The sharp rise in memory chip prices is creating a widening split across global stock markets, producing clear winners and losers, and investors increasingly believe the pain is far from over. Companies that rely heavily on memory components, from game console makers to PC brands and smartphone suppliers, are seeing their shares come under pressure as costs surge and margins shrink. At the same time, memory chip manufacturers are enjoying a powerful rally, with stock prices hitting record levels.
A Bloomberg index tracking global consumer electronics makers has fallen about 12% since late September, while a basket of memory producers, including Samsung Electronics, has surged more than 160% over the same period. The divergence highlights how central memory pricing has become to corporate earnings and investor sentiment.
Fund managers say the key question now is how long the shortage will last. “Markets are largely pricing in a normalization within one to two quarters,” said Vivian Pai of Fidelity International. “But industry tightness is likely to persist, potentially through the rest of the year.”
Pressure on Hardware and Consumer Tech
The impact is already visible in earnings warnings and share-price declines. Nintendo suffered its biggest drop in 18 months after flagging margin pressure from higher memory costs. Qualcomm shares slid after the chipmaker warned that memory constraints could limit smartphone production. Logitech has lost roughly 30% from its recent peak as rising component costs weigh on PC demand.

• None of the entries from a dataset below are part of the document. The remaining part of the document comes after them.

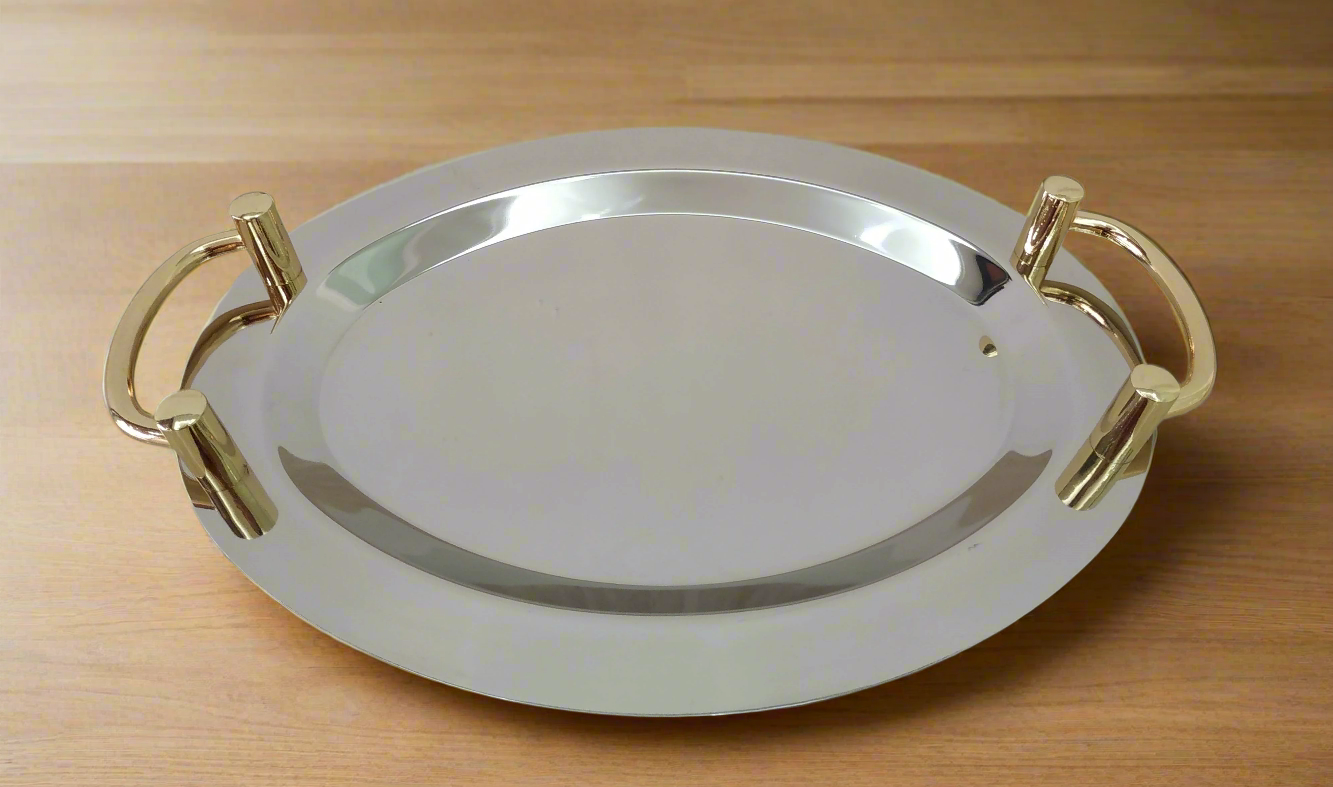 16" Stainless Steel Round Serving Tray with Gold Handles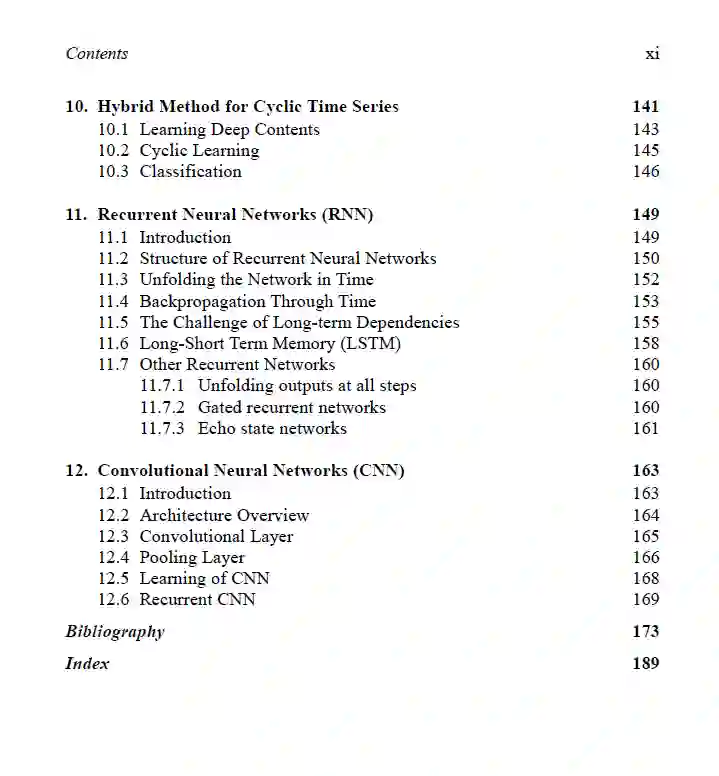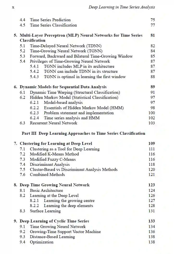 深度学习是人工智能的重要组成部分,特别是在图像分类等应用中,各种神经网络架构(例如,卷积神经网络)已经产生了可靠的结果。这本书介绍了用于时间序列分析的深度学习,特别是对于周期性时间序列。它详细阐述了在其架构深层次进行时间序列分析所采用的方法。周期性时间序列通常具有可以用于更好的分类性能的特殊特征。本书对此进行了讨论。处理周期性时间序列也在本书中有所覆盖。分类随机时间序列的一个重要因素是与分类方法架构相关的结构风险。本书解决并构建了结构风险,以及为分类方法定义的学习能力。这些公式和数学推导将帮助研究者理解方法,并以客观的数学方式表达他们的方法。本书设计成为具有不同机器学习背景和理解水平的读者(包括学生,工程师,研究者和这个领域的科学家)的自学教材。书中提供的大量信息丰富的插图将引导读者对时间序列分析的深度学习方法有深入的理解。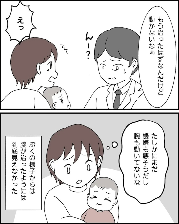 「肘内障」の処置をしてもらい治ったと安心していたのに、娘の右腕は動かないまま。不安になったなっぽさんは、医師に気になることを聞いてみたところ、思わぬことを言われて驚いてしまいます。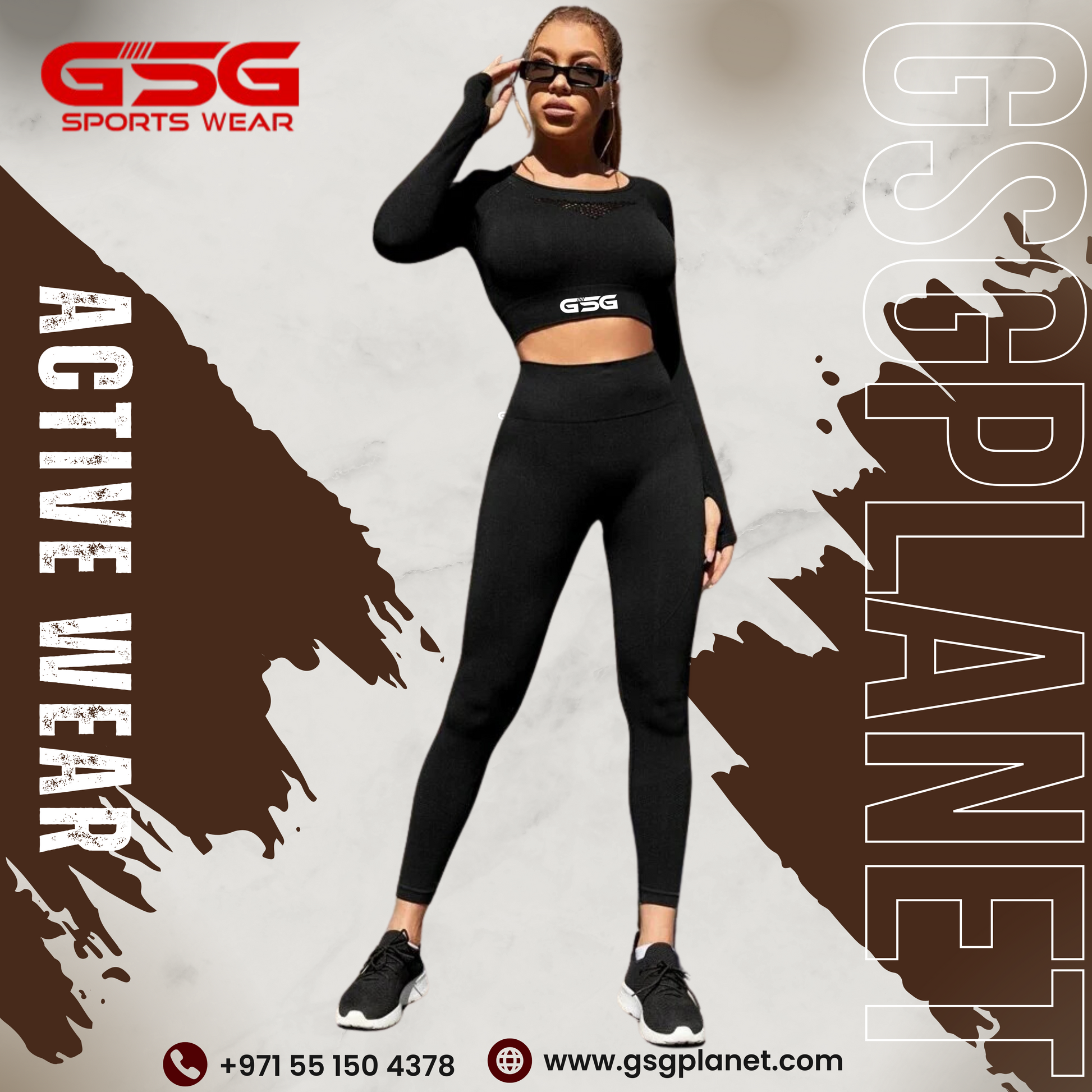 GSG 2pcs Solid Black Workout Sets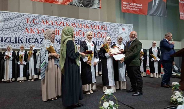 Sakarya'nın Akyazı ilçesinde düzenlenen icazet merasiminde hafızlıklarını tamamlayan 27 öğrenciye taçları giydirilip hafızlık belgeleri takdim edildi.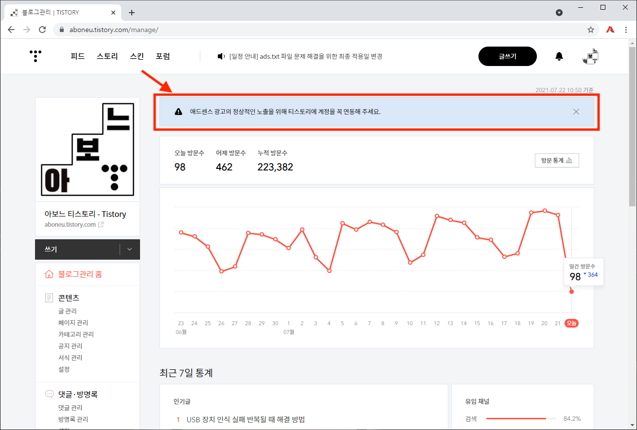 '애드센스 광고의 정상적인 노출을 위해 티스토리에 계정을 꼭 연동해 주세요.' 라는 알람이 뜹니다.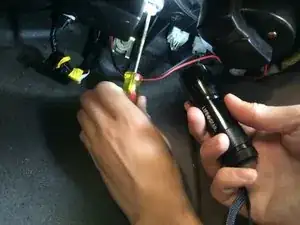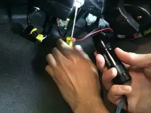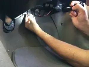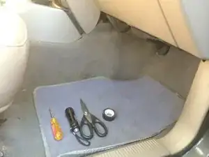 Для удобного доступа к проводам отодвиньте сиденье назад и разместите инструменты на полу автомобиля.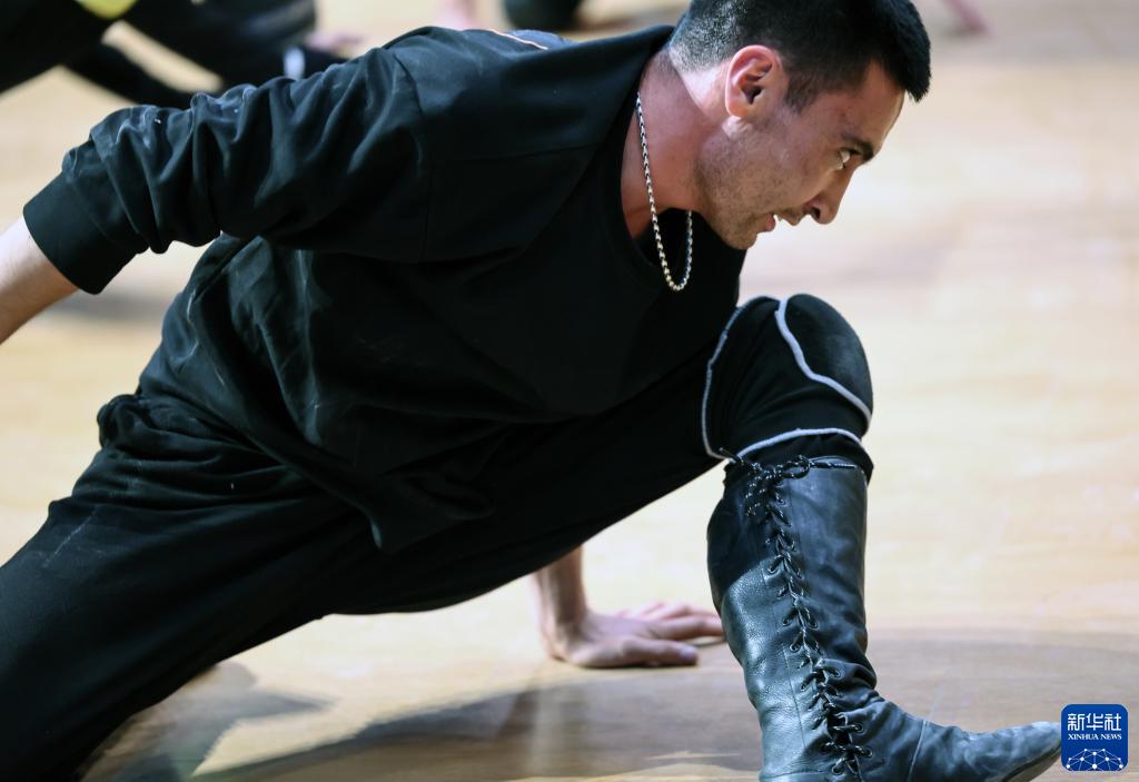 新疆塔县文工团演员巴拉提·买代沙在排练杂技节目(9月4日摄)。新华社记者 兰红光 摄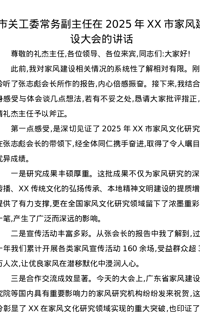 市关工委常务副主任在2025年XX市家风建设大会的讲话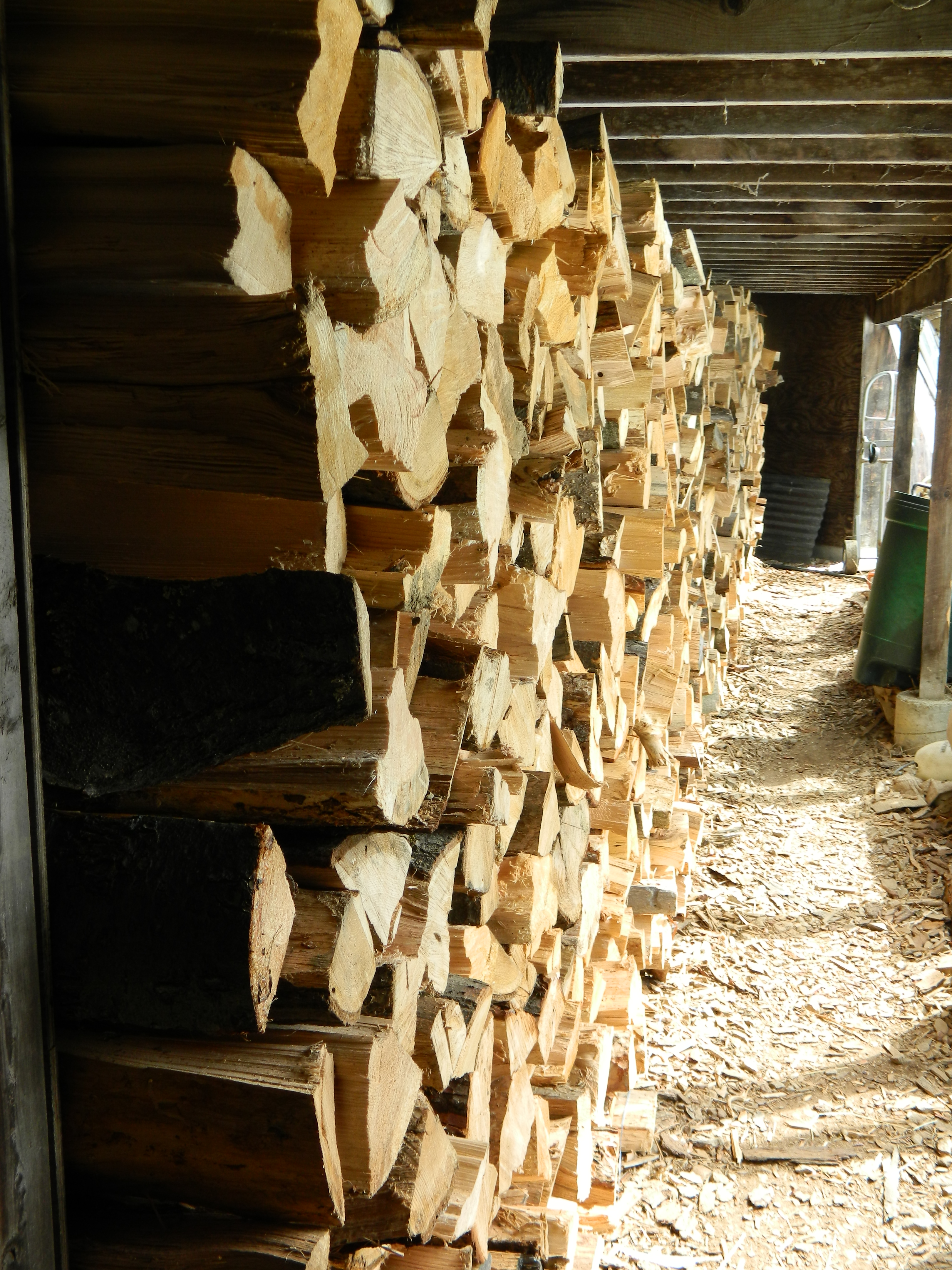 Keeping the old beams in place, Dan converted the existing barn into the sugarhouse. Two years ago, he invested in a 5 foot by 14 foot evaporator that is located downstairs. He then modified the design of the evaporator, adding thicker insulation for the burner to maximize fuel efficiency by minimizing the amount of wood needed for the boiling off process. Generally, he burns some 25 cords of wood each season.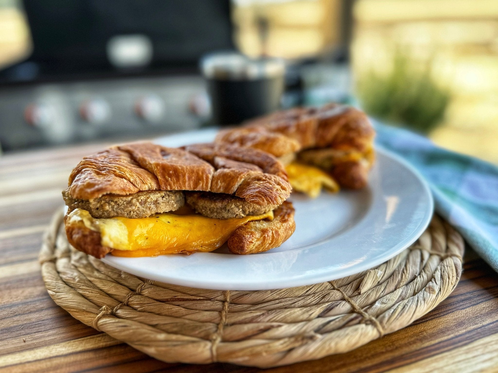 Scramble additional eggs on the griddle, top with cheese, and cover with a dome until the cheese has melted. Toast croissants on the griddle with butter. Cut each patty in half and assemble the sandwiches with croissants, eggs/cheese, and sausage. Enjoy!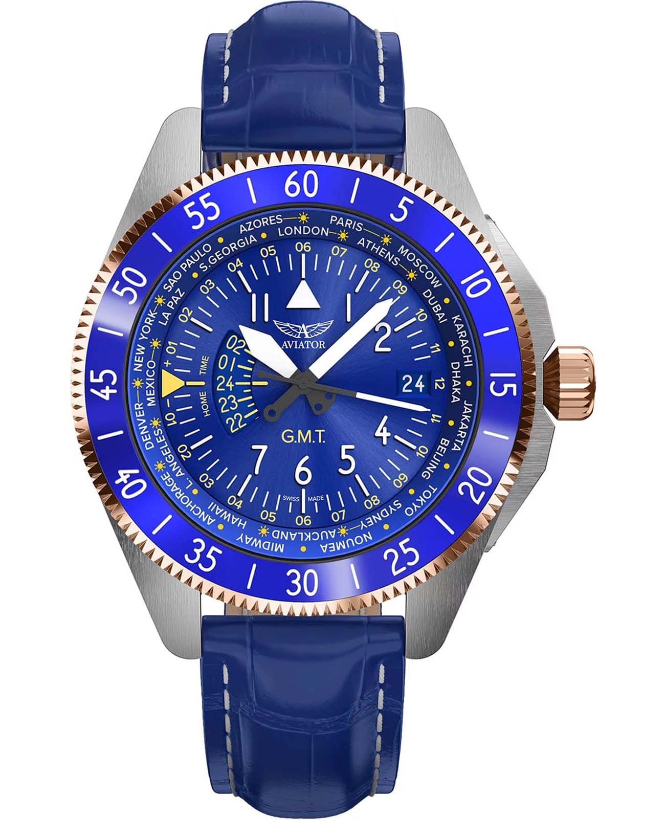 Швейцарские мужские часы Aviator Airacobra GMT V.1.37.3.308.4

Automakers and smartphone manufacturers in China, including BYD and Xiaomi, have also struggled, with investors increasingly wary of prolonged supply constraints.
“Memory prices have moved from a background issue to headline risk,” said Charu Chanana of Saxo. “The market understands supply is tight — what’s now in question is how long this lasts.”
A ‘Supercycle’ Fueled by AI
At the heart of the crunch is what analysts are calling a memory “supercycle.” Massive investment in artificial intelligence infrastructure has shifted production capacity toward high-bandwidth memory used in data centers, leaving less supply available for traditional DRAM and consumer applications.
Spot prices for DRAM have surged more than 600% in recent months, even though demand for end products like smartphones and cars remains subdued. Meanwhile, AI workloads are also boosting demand for NAND storage, pushing costs higher across the memory spectrum.
This shift has made memory makers the standout performers in tech markets. Shares of SK hynix, a key supplier to Nvidia, have risen more than 150% since late September. Japan’s Kioxia Holdings and Taiwan’s Nanya Technology have both jumped around 280%, while Sandisk has gained over 400% in New York.
Why This Time May Be Different
Historically, memory cycles lasted three to four years, swinging between oversupply and shortages. This cycle, however, has already exceeded past norms in both duration and scale.
“We’re not seeing demand momentum softening,” said Jian Shi Cortesi of GAM Investment Management. With AI continuing to absorb capacity and new supply slow to come online, investors are increasingly convinced that the memory crunch will continue to ripple through markets — rewarding chipmakers while squeezing the rest of the tech ecosystem.